Triplet Reactivity and Regio-/Stereoselectivity in the
Macrocyclization of Diastereomeric Ketoprofen−Quencher
Conjugates via Remote Hydrogen Abstractions
posted on 2007-06-13, 00:00authored bySergio Abad, Francisco Boscá, Luis R. Domingo, Salvador Gil, Uwe Pischel, Miguel A. Miranda
Intramolecular excited triplet state interactions in diastereomeric compounds composed of a
benzophenone chromophore (ketoprofen) and various hydrogen donor moieties (tetrahydrofuran, isopropylbenzene) have been investigated by laser flash photolysis. The rate constants for hydrogen abstraction
by excited triplet benzophenone are in the order of 104−105 s-1, with the highest reactivity for the
tetrahydrofuran residue. A remarkable diastereodifferentiation, expressed in the triplet lifetimes of the
carbonyl chromophore (e.g., 1.6 versus 2.7 μs), has been found for these compounds. With an alkylaromatic
moiety as donor, related effects have been observed, albeit strongly dependent on the length of the spacer.

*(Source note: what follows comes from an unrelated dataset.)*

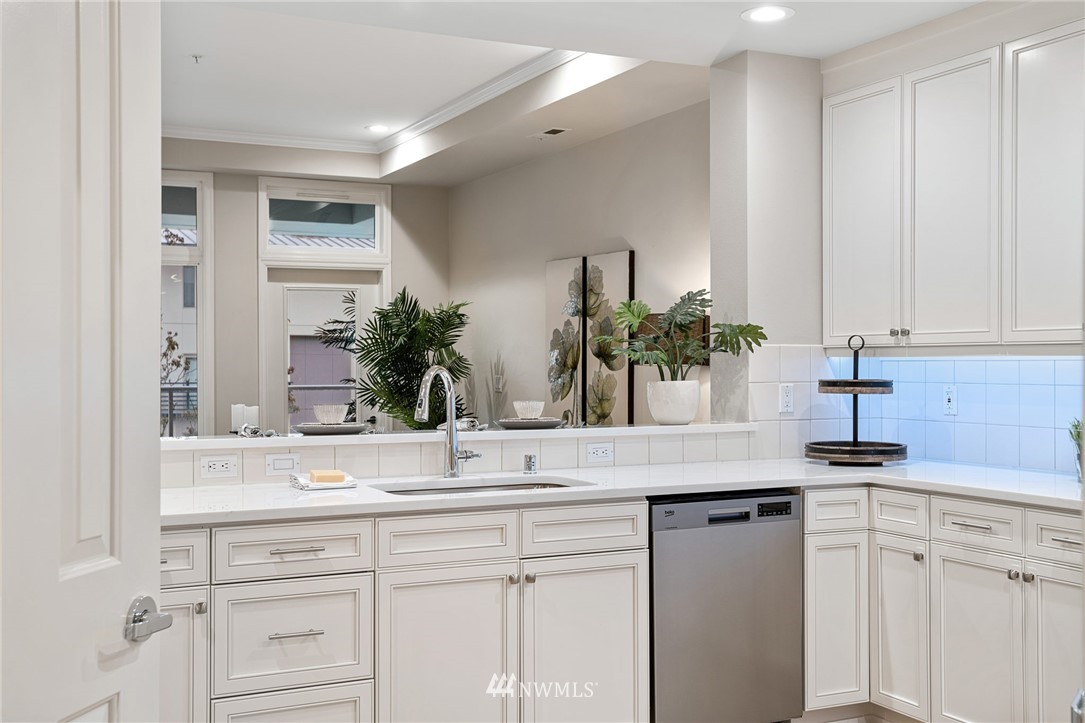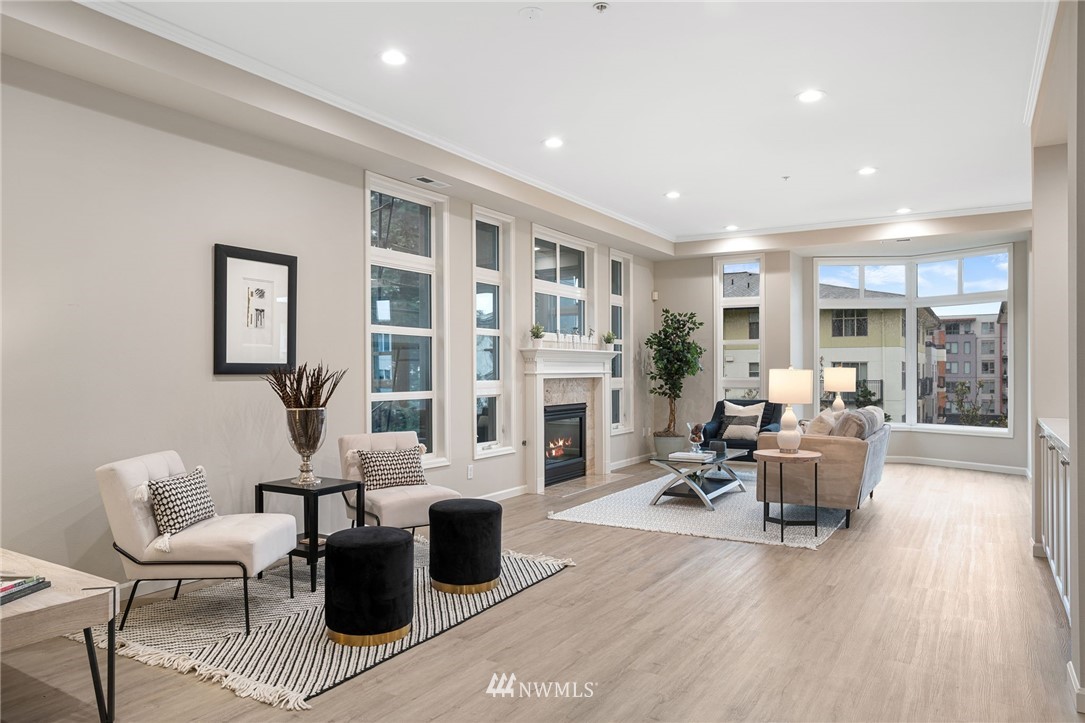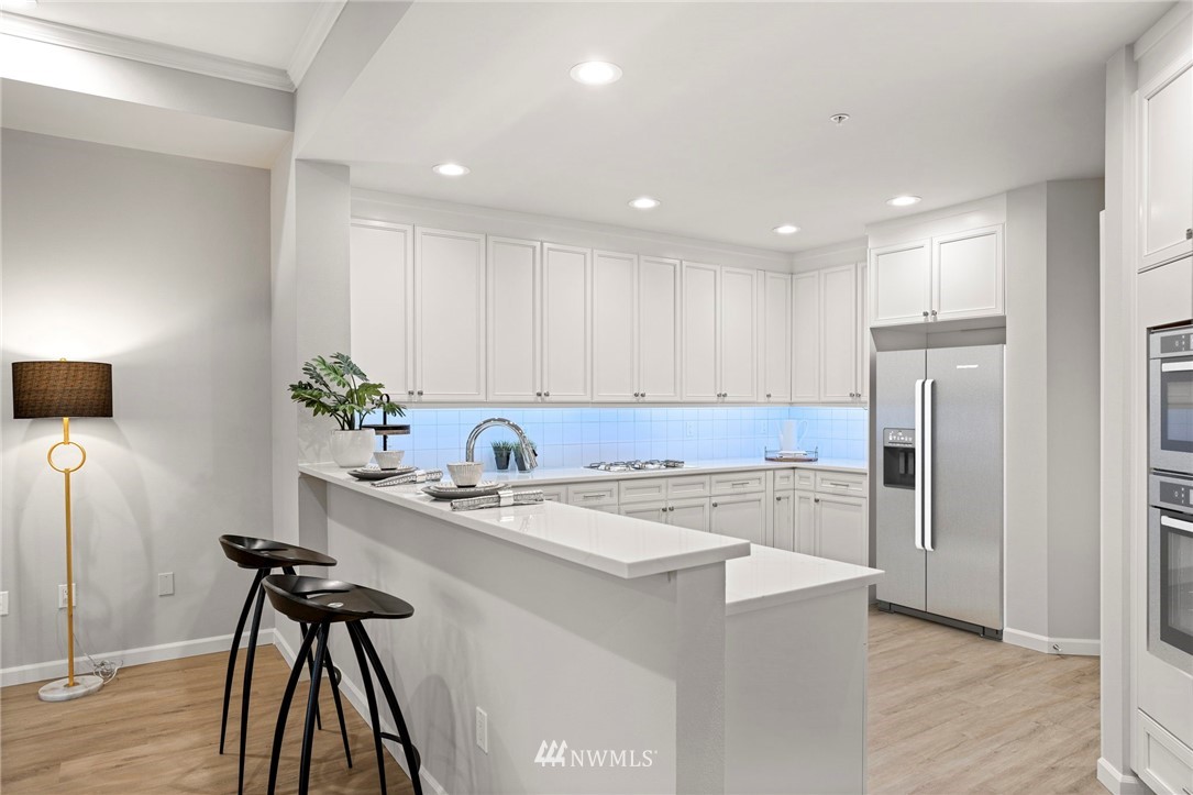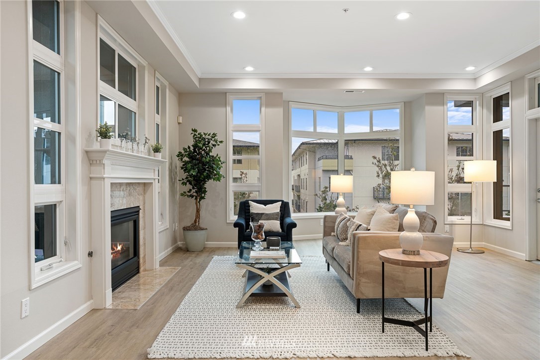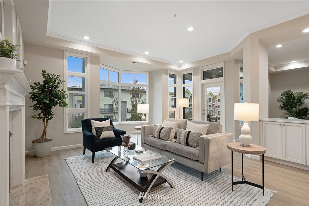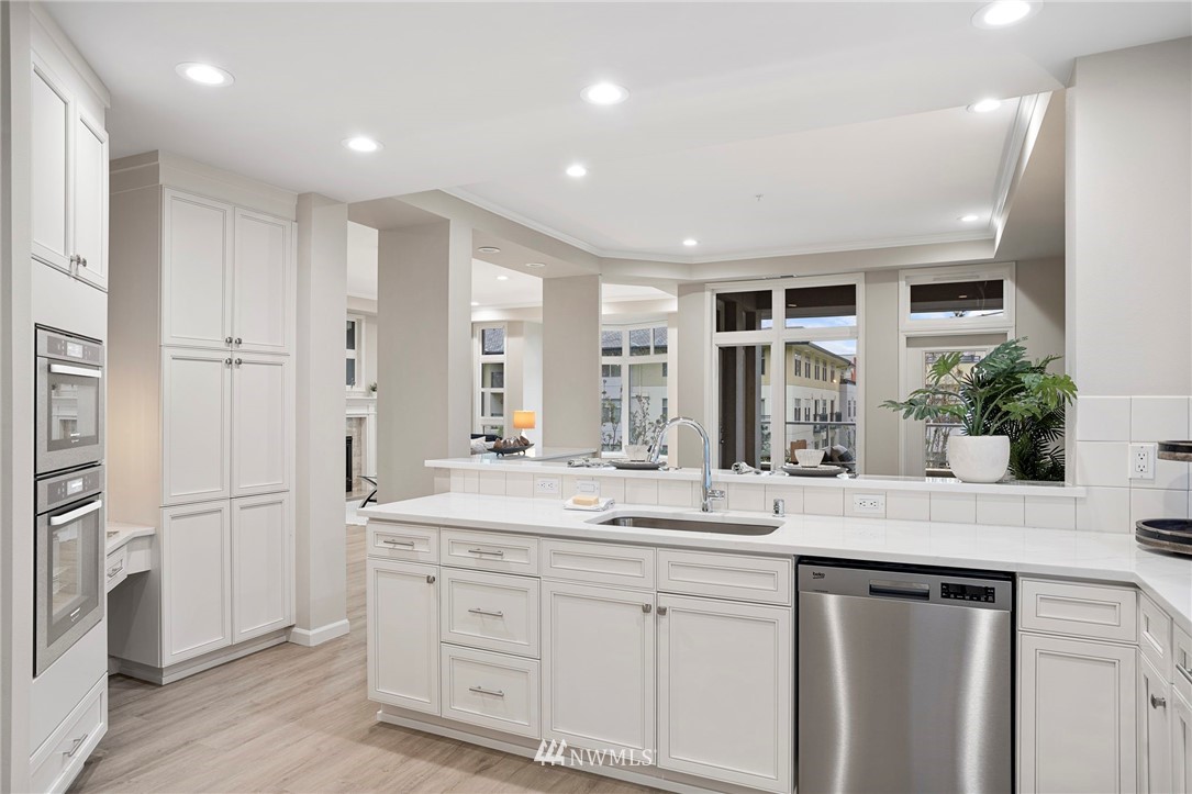 This is the stylish southern exposure condo that you have been waiting for! Located ideally next to the new Kirkland Urban restaurants and shops just a short stroll to the waterfront, beaches and park. Stunning brand new remodel of this spacious condo with designer touches throughout. Brand new SS appliances are on their way to complete this gorgeous kitchen. Sunny and bright with seamless open floorplan. Over-sized living room, cozy fireplace with vaulted ceilings flows graciously onto covered deck with brand new pavers. Office is separate from main living area providing privacy for work or home study. Exceptional main bedroom suite with walk-in closet. Secure garage with 2 parking spaces & storage. Relax & enjoy this phenomenal condo!

The reactivity trend for the initial hydrogen transfer step is paralleled by the quantum yields of the overall
photoreaction. The biradicals, formed via remote hydrogen abstraction, undergo intramolecular recombination
to macrocyclic ring systems. The new photoproducts have been isolated and characterized by NMR
spectroscopy. The stereochemistry of the macrocycles, which contain up to four asymmetric carbons, has
been unambiguously assigned on the basis of single-crystal structures and/or NOE effects. Interestingly,
a highly regio- and stereoselective macrocyclization has been found for the ketoprofen−tetrahydrofuran
conjugates, where hydrogen abstraction from the less substituted carbon is exclusive; cisoid ring junction
is always preferred over the transoid junction. The photoreaction is less regioselective for compounds with
an isopropylbenzene residue. The reactivity and selectivity trends have been rationalized by DFT (B3LYP/6-31G*) calculations.